Railway station in Eltville, Germany

Hattenheim is a station in the town of Hattenheim in the German state of Rhineland-Palatinate on the East Rhine Railway.

== History==

The Hattenheim station entrance building was built in 1884-85, replacing a building built for the Nassau Rhine Railway (Nassauische Rheinbahn), which was opened on 11 August 1856 from Wiesbaden to Rüdesheim and later extended to Oberlahnstein. The two-storey building was probably designed by the architect Paul Rowald. The building had a waiting room on the ground floor as well as various function rooms; on the second floor there was an apartment for the station master.

The almost symmetrical brickwork in the styles of Gothic Revival and Renaissance Revival consists of a protruding Avant-corps with a Rundbogenstil portal and an impost, which is flanked by two pillars.
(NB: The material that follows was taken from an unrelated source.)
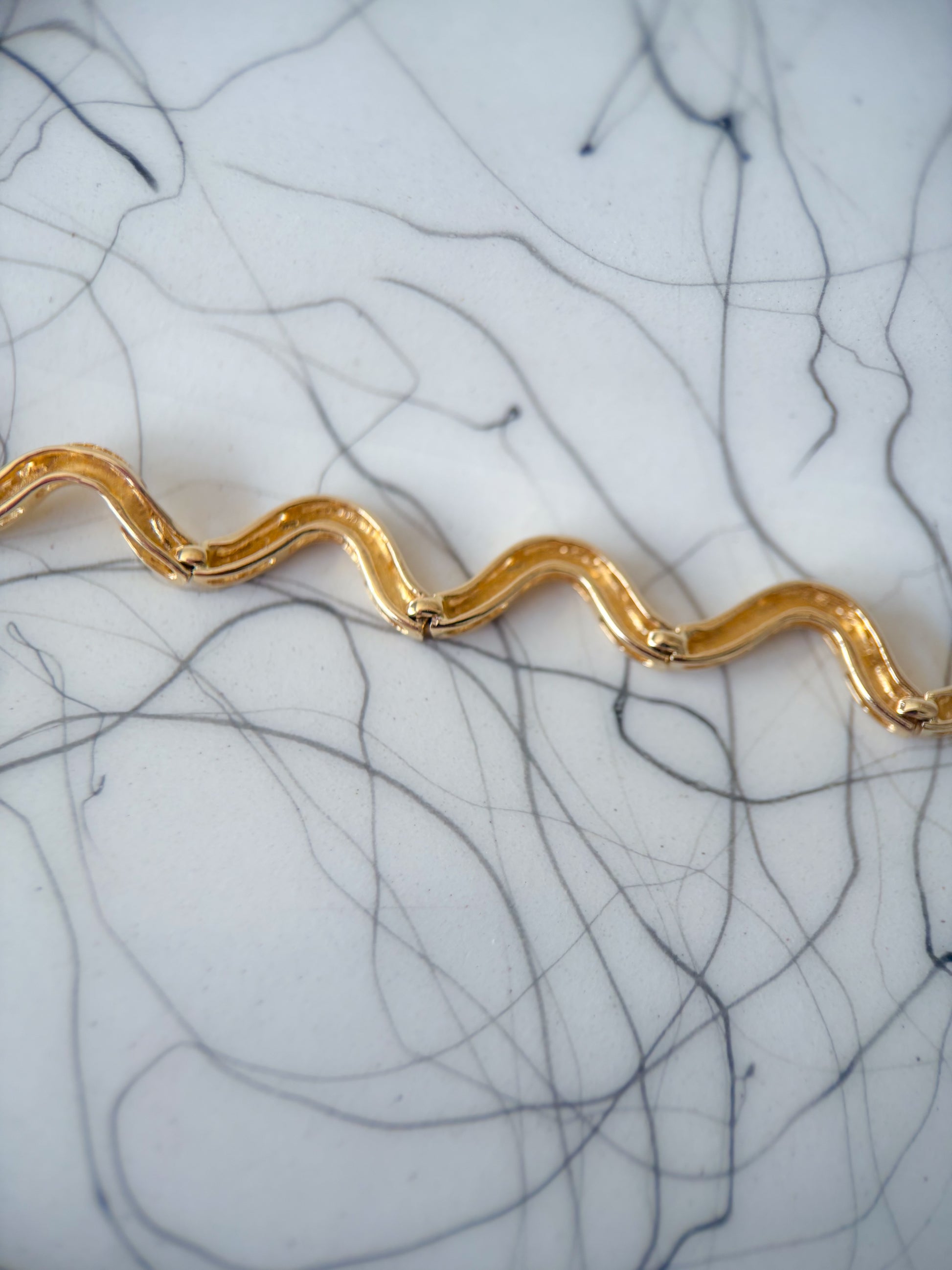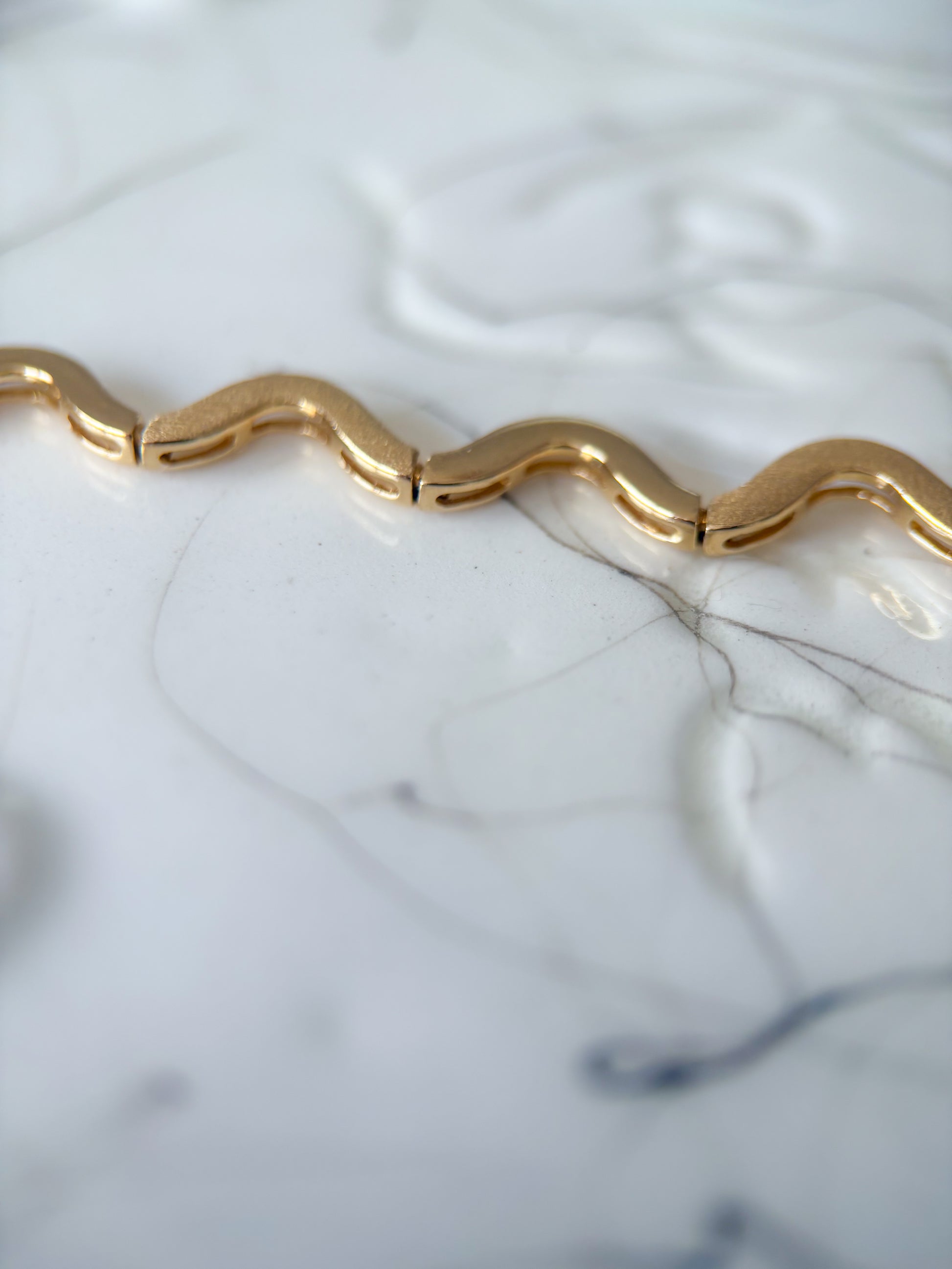 Vintage Wavy 14k Yellow Gold Shiny and Matte 7.5 Inch Bracelet

The end of the columns is formed by two sandstone coats of arms: one with the Prussian eagle, the other with the coat of arms of Hattenheim, but the martyr palm of the church patron Vincent of Saragossa is incorrectly represented as a feather. The arch windows of the ground floor have circular mullions and enclosing stones. A terracotta frieze with wine rack reliefs surrounds the whole building. An annex that was completed around 1900 extended the building to the east. Another entrance building of this type, probably also designed by Rowald, can be found in Geisenheim.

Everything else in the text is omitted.